If the process is steadily at 100% it is typically an infinite loop.
To determine what threads are using up most of the CPU you can run .time
and !runaway
to get an idea of how long your process has been up, how much time it has spent on the CPU (user mode time) and how much user mode time each thread has been using to find out what threads are using the most.
For example in this case we have spent a total of 14 seconds in user mode, and out of that, thread 14 has used 4 seconds.
0:000> .time
Debug session time: Mon Oct 16 12:20:22.000 2006 (GMT+2)

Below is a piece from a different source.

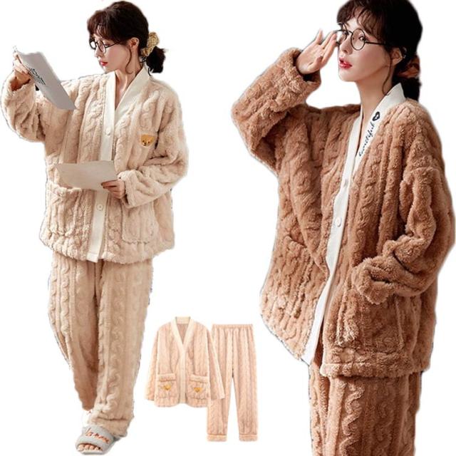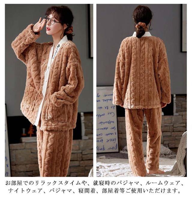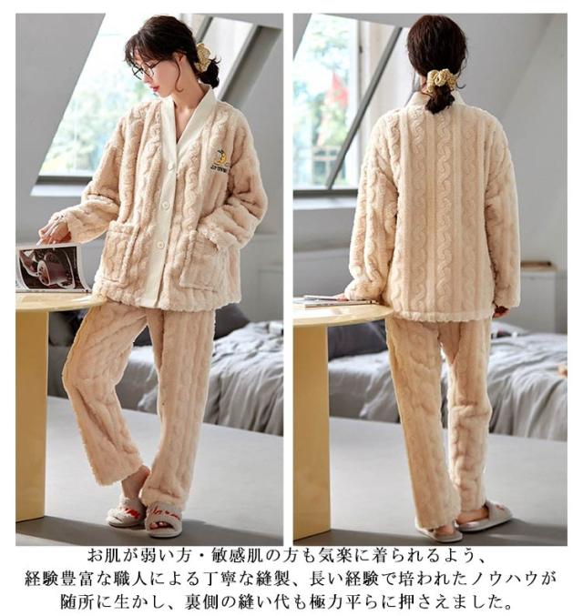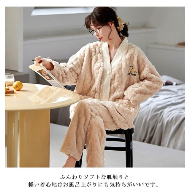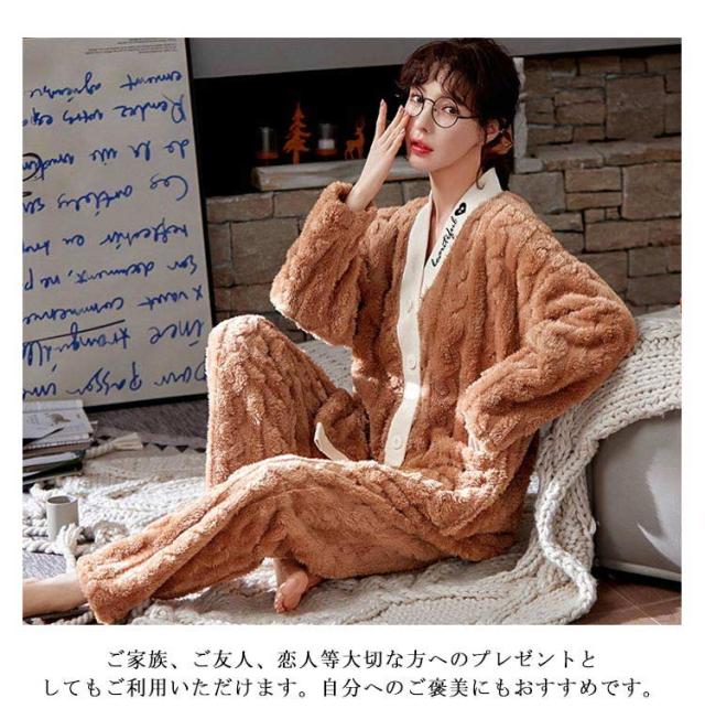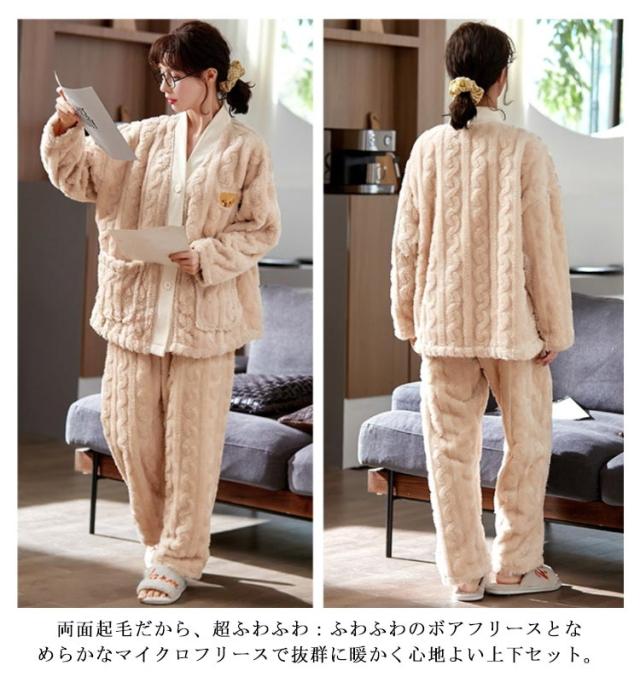 パジャマ ルームウェア 上下セット フランネル セットアップ 寝巻き レディース パジャマ もこもこ 厚地 肌触り 長袖 可愛い 秋冬 部屋着 暖か

System Uptime: 3 days 17:11:24.778
Process Uptime: 0 days 0:09:07.000
Kernel time: 0 days 0:00:26.000
User time: 0 days 0:00:14.000
0:000> !runaway
User Mode Time
Thread Time
14:554 0 days 0:00:04.656
25:2ec 0 days 0:00:02.906
27:1264 0 days 0:00:02.359
17:13b4 0 days 0:00:01.625
16:12dc 0 days 0:00:01.375
...
Check out !runaway
in the windbg help file and play around with some of its options.
Infinite loop
If we are in an infinite loop, the thread with the loop will normally show up on top of !runaway
. You can also identify it by running ~* e !clrstack
and ~* kb
to see if any of the threads seem to be in a looping construct (if you know the code).
High CPU in GC
If the GC threads show up as the top threads in !runaway
. Take a look at the perfmon counter .NET CLR Memory/% Time in GC to see if the average is very high. If it is follow this post on debugging high CPU in GC to determine why.
Busy Server
If all the threads are just spread out, busy with different things you may have some optimization work ahead of you. There is no easy way to debug this type of thing to determine where to optimize. Instead you should pull out some of the most commonly used features and run profilers on them to see how much time / CPU time they take and optimize the pieces that take the longest time.
Phew, That was a long post :) But hopefully it has given you some insight in how to debug hangs and performance issues.